Research on Micro-blogging Community-finding
|School||Huazhong University of Science and Technology|
|Course||Communication and Information System|
|Keywords||Social Networks Micro-blogging Finding community structure opinion leader|
As the most fashion internet application, Micro-blogging attracts cyber citizen. In the report from sina on Oct, 2010, there are over 50 million people who use sina Weibo. And the user of twitter is even more over 0.2 billion.The Micro-blogging fast increase leads to a new question: how can we find a companion from so many people, which we call community.

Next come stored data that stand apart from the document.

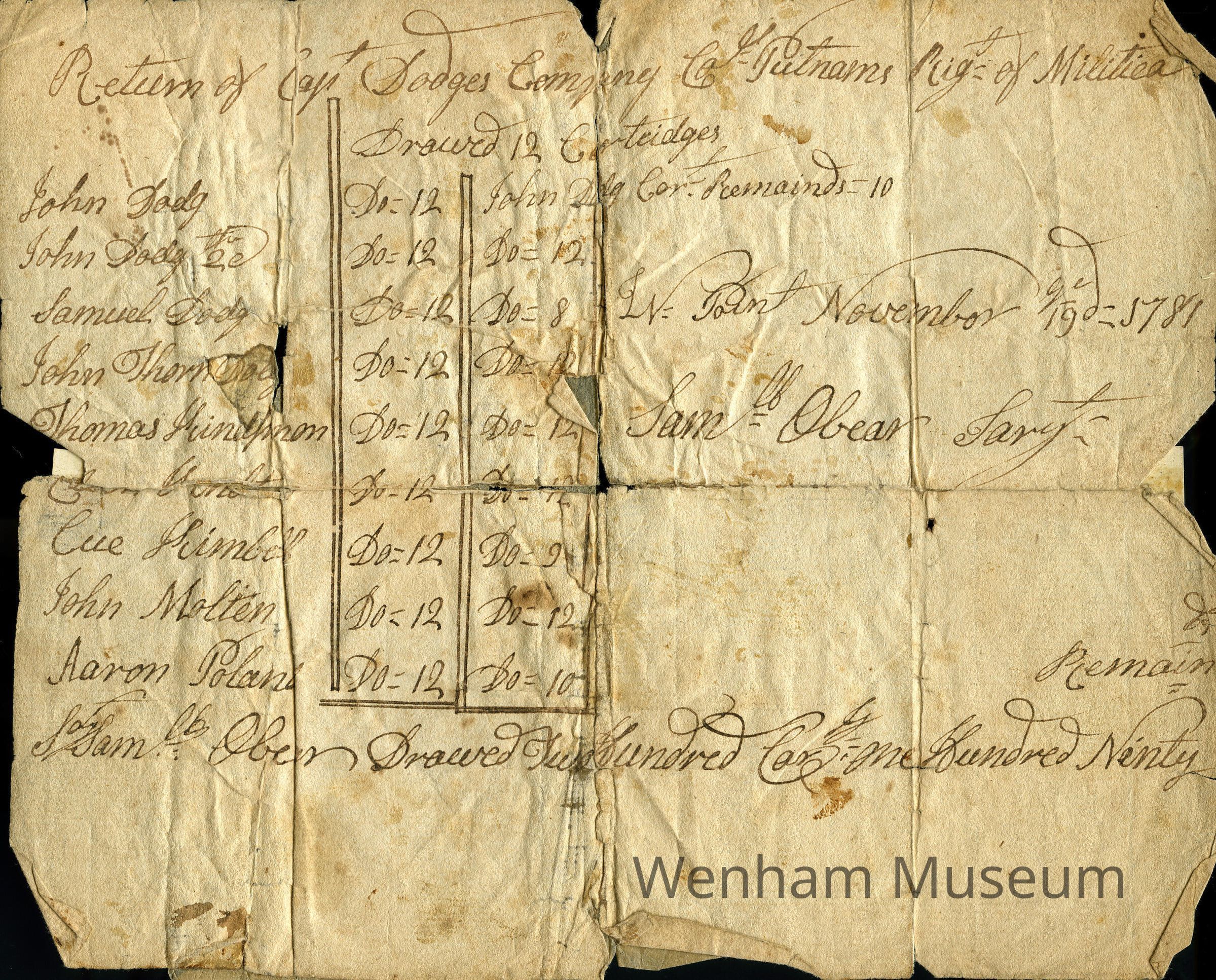 Papers pertaining to the number of cartridges used by Captain Dodge's company, compiled upon his return. Dated November of 1781.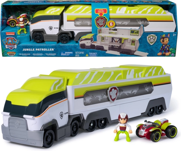 Jungle Patroller je impozantný, približne 69 cm dlhý transportér, ktorý sa otvorí do priestrannej hernej základne. Vnútorný modul s výťahovou plošinou presunie Rydera s ATV na vyššiu úroveň a pripraví scénu pre napínavé záchranné akcie. Vďaka zvukovým efektom na stlačenie odznaku či komunikačného tlačidla pôsobí každá misia ešte dynamickejšie.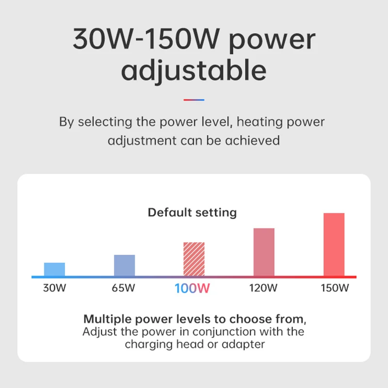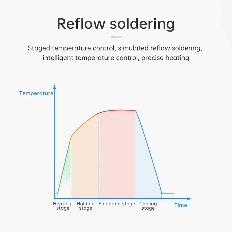 4. Support 80℃~350℃ heating temperature range Support 150W high-power heating, rapid heating Support constant temperature heating and reflow soldering dual working modes Support color light temperature prompt, color changes with temperature Support dumping detection, safer to use
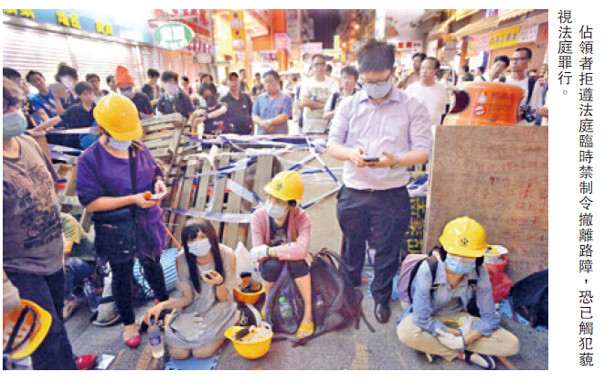 另外,香港高等法院昨日頒發書面判詞,解釋20號頒布禁制令的理據。高院法官潘兆初在裁決中表示,雖然基本法保障示威集會權利,但無人可以獨霸道路。判詞又提到,不同意佔領運動是「公民抗命」,運動規模龐大又持續多日,影響很多人,存在演變成騷亂的實質風險,無論背後有多高尚的原因,都不可視之為公民抗命。
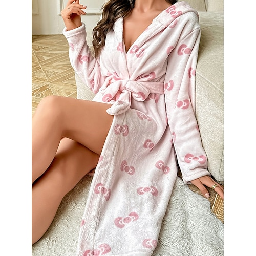 Per donna Accappatoio Casual Comfort Cuore Leopardo Allacciato Casa Quotidiano Manica Lunga Scollo a V Blu Bianco Rosa Marrone Grigio Primavera Autunno Inverno Vestibilità regolare
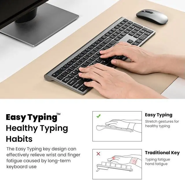 Wireless World is More FreeDistance is no longer a problem, stable and reliable 2.4G wireless technology connection, up to 10 meters of control distance to relieve wired constraints and enjoy wireless life smoothly ^^ Scissor Switch Key is More ComfortableThe keyboard adopts a scissor Switch Key design, Uniform force distribution, low sound, short travel, and smooth pressing provide a comfortable and quiet input experience ^^ Rebound is More EffortlessAccurate and fast typing without delay, rebound smoothly and evenly, fast response to hand tapping feedback for long-lasting typing without wrist fatigue.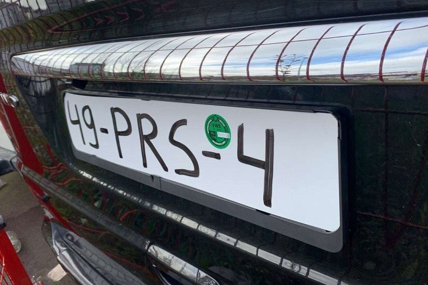 O insólito da situação? A matrícula era uma simples placa de plástica com os números e as letras pintados à mão com um marcador de tinta permanente.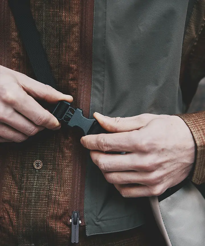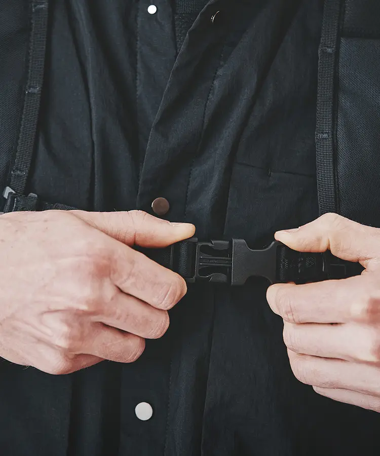 White Mountaineeringでは、ネイビーとベージュの2色をご用意。初採用となるネイビーは、都市性や知性を感じさせるカラーでありながら、汚れや経年変化にも強く、実用面においても優れた特性を発揮。日常からフィールドまで幅広いシーンに対応します。一方のベージュは、自然やアウトドアフィールドを想起させる色合いでありながら、柔らかさと軽快さを併せ持つカラーリング。スタイリングに抜け感をもたらし、シーズンムードを高めます。この2色を新たに組み入れることで、アウトドアと日常、機能性とファッション性、その中間にあるWhite Mountaineeringらしい世界観を体現しています。

We will find the answer to this question aim to some data mining knowledge. It is different from the tradition community-finding, because the micro-blogging has its own feature, which needs the algorithm must be more efficient and the model must be more complex. We will research Community-finding, build a model base on the Bayesian model comparison, and find a way to quantify the relationship between one user and one community. We also research on user-influence in the micro-blogging. We build the model from the data of user, quantify the influence of users. To check these algorithms, we do many experiments on the off-line data. We collect data from the sina Weibo through the web crawler, and obtain over 700,000 user data. After these experiments, we prove our algorithms are effectiveBesides this, we also try to finding the opinion leader in our study. We brings an algorithm about user influence, and the demo based on this theory show it’s effective to find the opinion leader.